Deploying a dockerized API to predict the daily average sentiment of financial news articles

1. Objetives

1.1. Build and host a predictive model on AWS with Python

1.2. Using a dataset of news articles, train a model to predict the average sentiment of the next day.

1.3. Host the model within a free-tier instance on AWS.

1.4. Build an endpoint that accepts parameters from a user and returns a time series of average sentiment values with the final value as a prediction from the model.

2. Solution

2.1. Postgresql stores the sentiment of the articles, summaries, the articles itslef and categorization by several topics.
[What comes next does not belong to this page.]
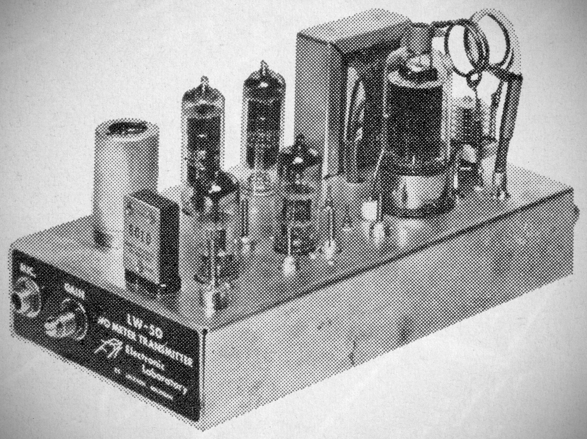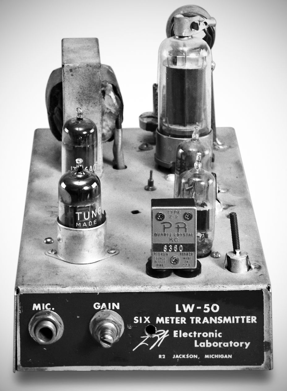 LW Electronic Laboratory of Jackson, Michigan made a line of 6 and 2 meter gear in the 1950s and early ’60s. The LW-50 transmitter ran 15 watts input. It had push-pull modulators and speech clipping. It was made for both 6 (shown) and 2 meters.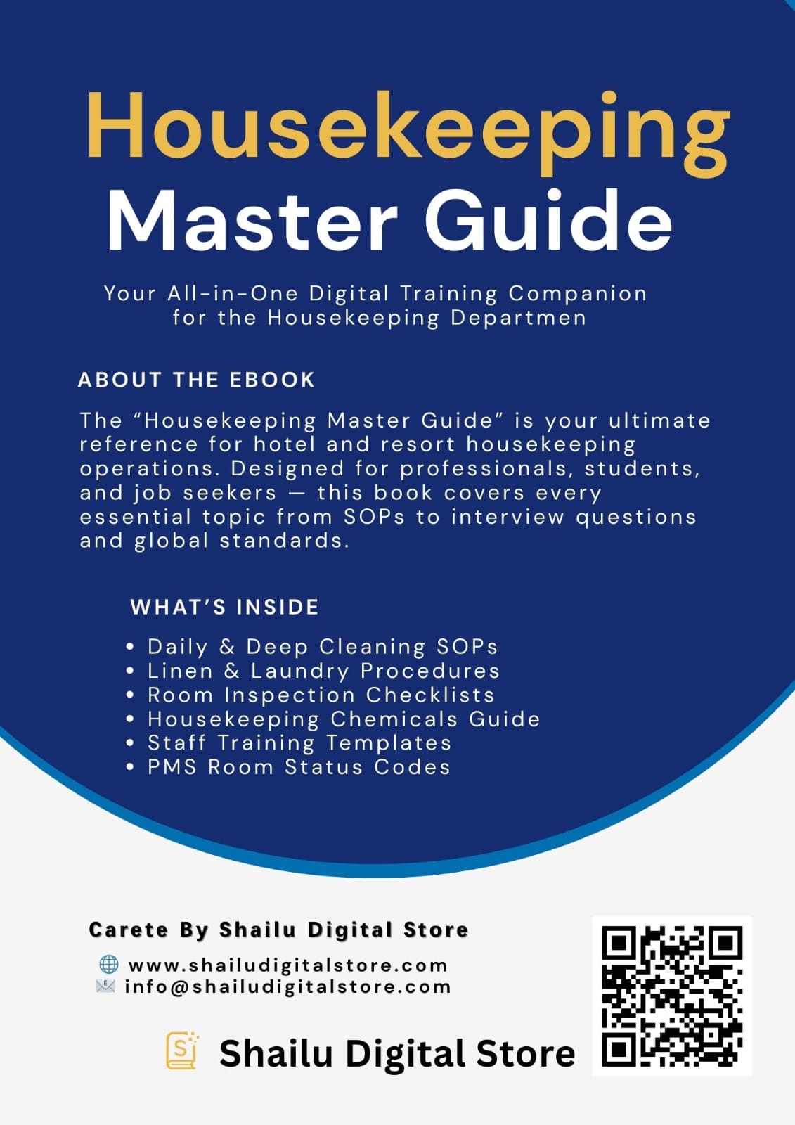 This Book is a complete housekeeping operations manual designed for hotels, resorts, cruise ships, and luxury properties. It contains 55+ Standard Operating Procedures (SOPs) covering guest rooms, public areas, laundry, safety, supplies, staff training, and documentation – all aligned with 5-star hospitality standards.

2.2 The endpoint accepts parameters from the user in a request like the following.Those parameters are the input for an ARIMA model

{"hold out samples": 20, "lag observations": 3, "degree of differencing": 0, "moving average window": 0}

The user can change any of these parameters but be aware that some combinations are computationally expensive, it is just a free-tier ec2 instance.

2.3. After accept the inputs, the API script (api.py) performed a rolling forecast to re-create the ARIMA model after each new observation is received. Therefore, the model able to adapt to new data easily.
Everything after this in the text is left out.